Гор Видал - 1876
Я хотел спросить о ее болезни, но не решился, а Эмма отказалась меня просветить, сказала только, что Дениз мучает какой-то безымянный, но не слишком серьезный женский недуг.
— Не знаю, что бы я делала без Эммы. И без вас. — Она относится ко мне как к любимому дядюшке, и поэтому я чувствую себя старым, но я и в самом деле стар, и лучше уж быть ей любимым дядюшкой, чем никем вообще.
— Когда вы поедете на юг, ваш путь будет пролегать через Вашингтон?
Дениз покачала головой.
— Когда я поеду на юг, Билл пришлет за мной яхту. Морской воздух, уверяют доктора, пойдет мне на пользу. Но я ненавижу морской воздух. Я убеждена, что он вреден для здоровья. Посмотрите на местных, кто круглый год живет в Ньюпорте. Они вечно больны. В том случае, конечно, если им посчастливилось не умереть при родах.
— Вы имеете в виду и мужчин тоже, не только матерей с младенцами?

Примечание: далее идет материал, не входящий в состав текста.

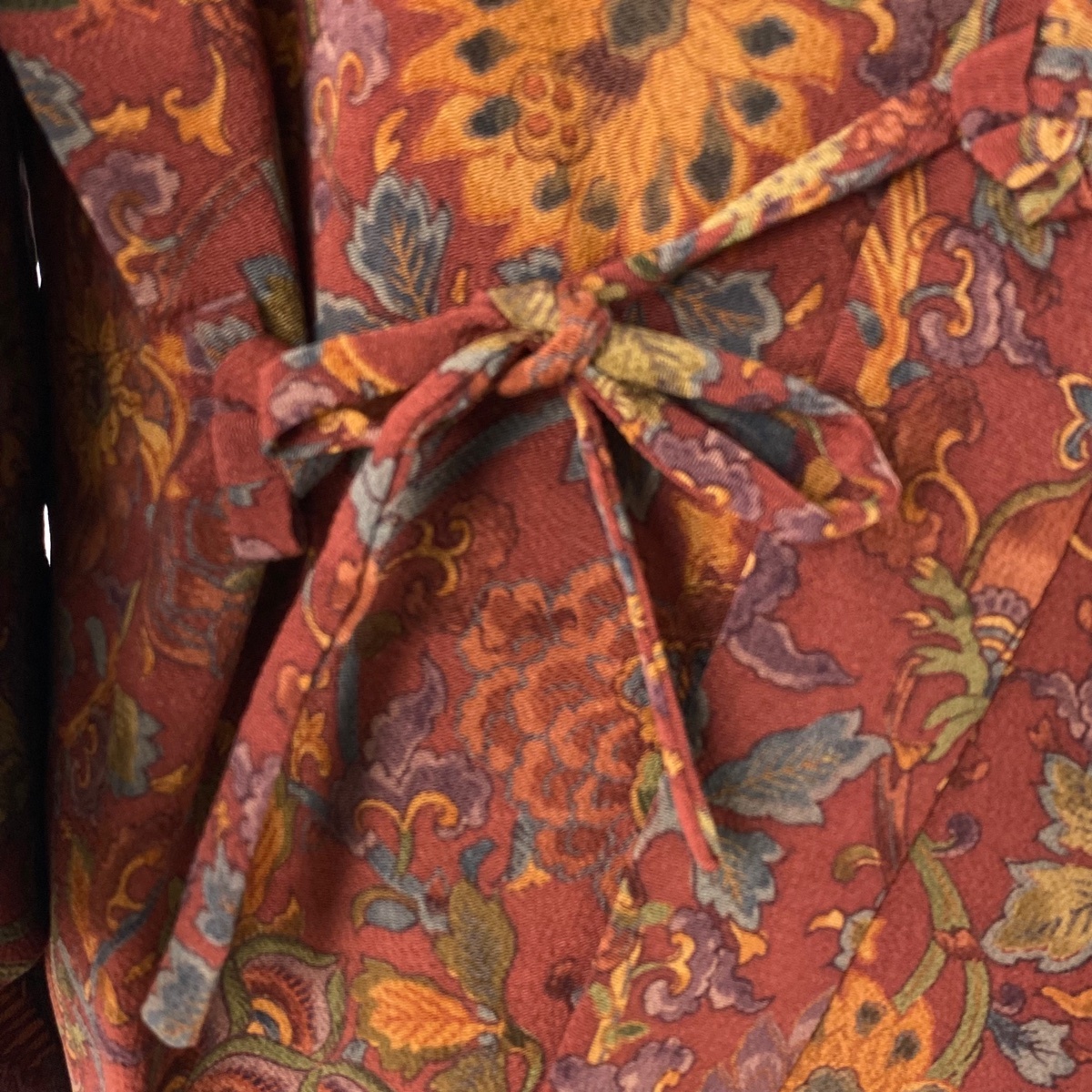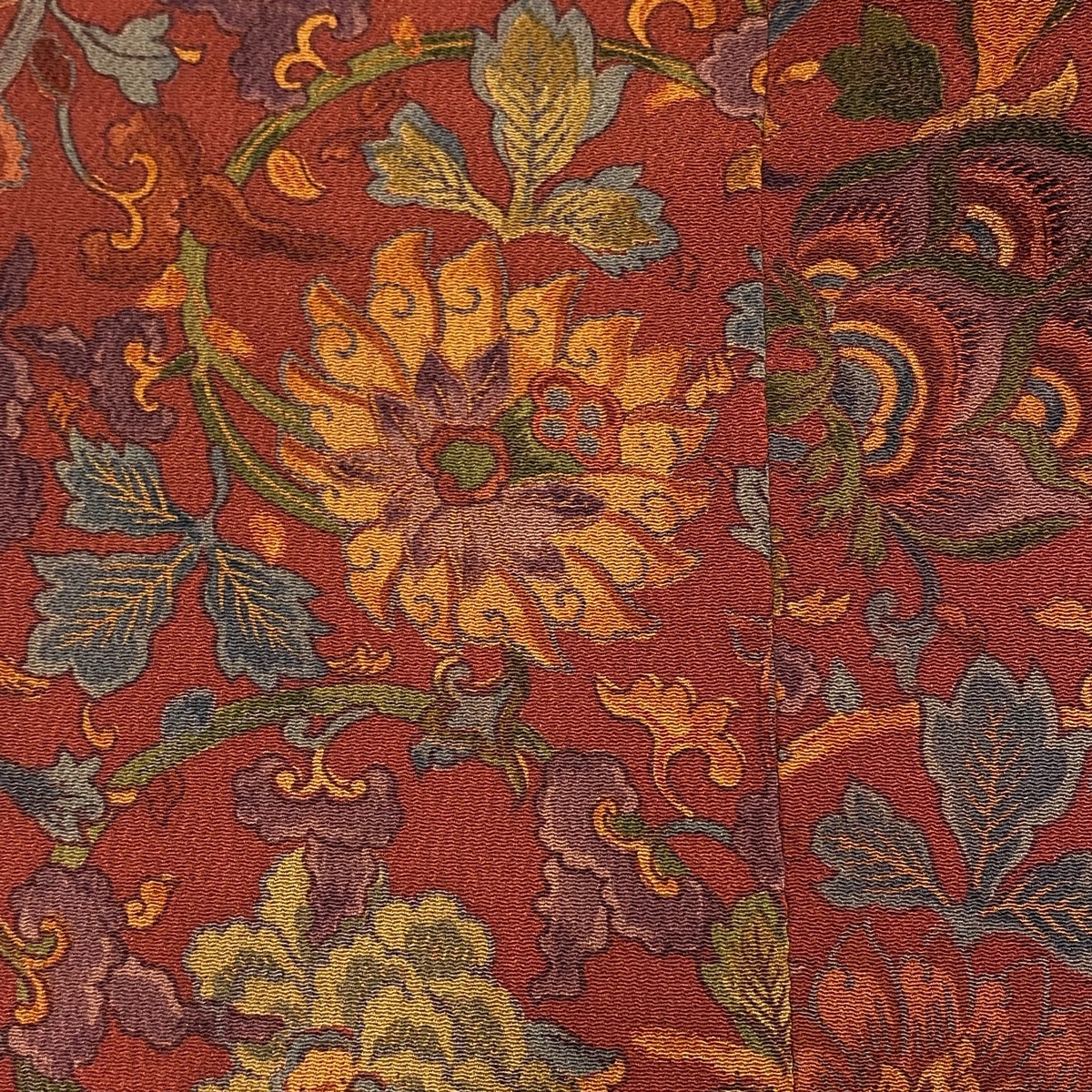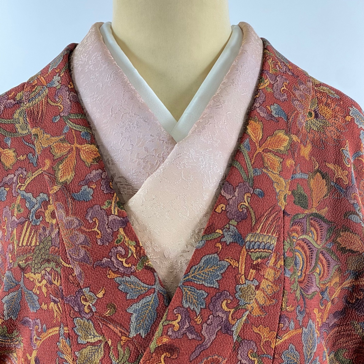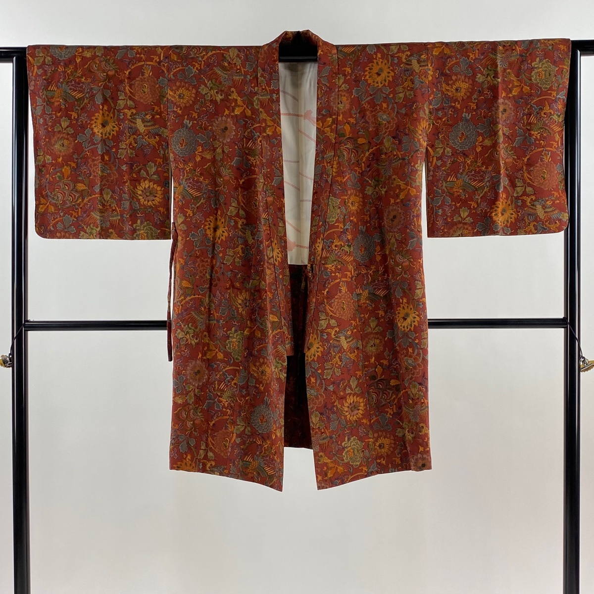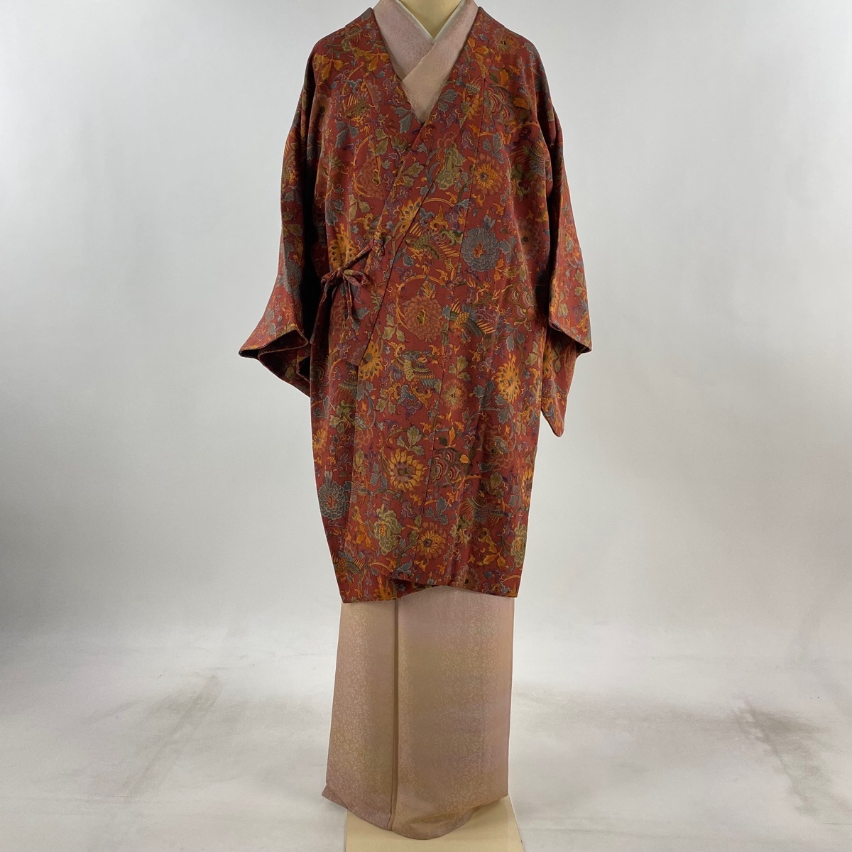 | 道中着 秀品 和装コート 着物衿 鳥 花唐草 縮緬 赤茶 身丈98 裄丈63.5 S 正絹 【中古】 |
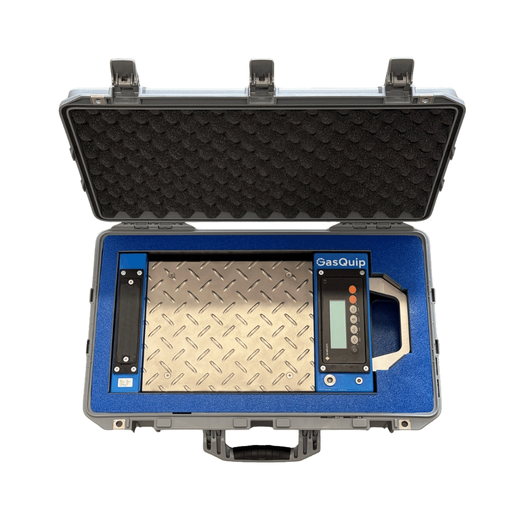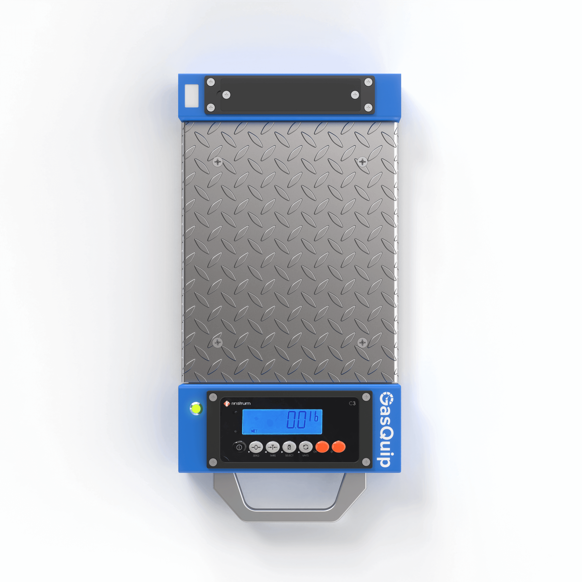 The GQ-CWS-V3 Gas Cylinder Scale V3 ensures accurate gas cylinder weight measurements either in-field or during inventory checks. Its low-profile, lightweight design, coupled with a rechargeable battery, offers enhanced portability. The optional rugged pelican case facilitates easy transportation. Features such as a 1″ high platform for rolling cylinders onto the scale, custom load cells with a rated accuracy of ±0.1 % full scale, and compliance with EPA & CARB standards make it a reliable choice for precise mass measurement in electrical transmission, distribution, manufacturing, and industrial sectors. Each scale comes with a calibration certificate traceable to the National Instrument of Standards & Technology (NIST).

Дениз расхохоталась, смеется она громко, непринужденно.
— То, что я говорю, вряд ли отвечает высоким требованиям мистера Марье. Но дети вечно в моей бедной бестолковой голове. Дело в том, что я не могу иметь детей.
— А вы хотите?
— О да! В этом-то вся проблема.
— Я рад, что у меня есть Эмма, но мне просто повезло. Большинство родителей так же мало любят своих детей, как дети — родителей.
— Это все в вашей злой старушке Европе.
— Я-то подумал о Вандербильтах.
— А это злые новые богачи! — быстро ответила она. — Так или иначе, у меня, похоже, детей не будет. Если я еще раз попробую, то, скорее всего, расстанусь с жизнью. — Это было сказано самым невозмутимым тоном.
— Вы верите докторам?
— Я доверяю своему прошлому опыту: он ужасен. — Она вздрогнула, затем осознала неуместность этого разговора даже между старым дядюшкой и любимой племянницей. — Кроме того, — сказала она, — насчет моего фатального изъяна я узнала от ведущего авторитета в этой области и одновременно вашей подруги.
— Кто бы это мог быть?
— О, мадам Рестел. Билл мне рассказал, что видел вас у нее третьего дня в сопровождении молодого повесы Беннета.
Я изумился. Неужели Сэнфорд все ей рассказывает? И о сигарных лавках тоже?
— Я полагал, что мужья не рассказывают женам о визитах к мадам Рестел.
— С этим все обстоит как раз наоборот. — Дениз опять была весела и остроумна. — Билл всегда рассказывает мне, когда там бывает. К тому же мы с мадам Рестел старые друзья.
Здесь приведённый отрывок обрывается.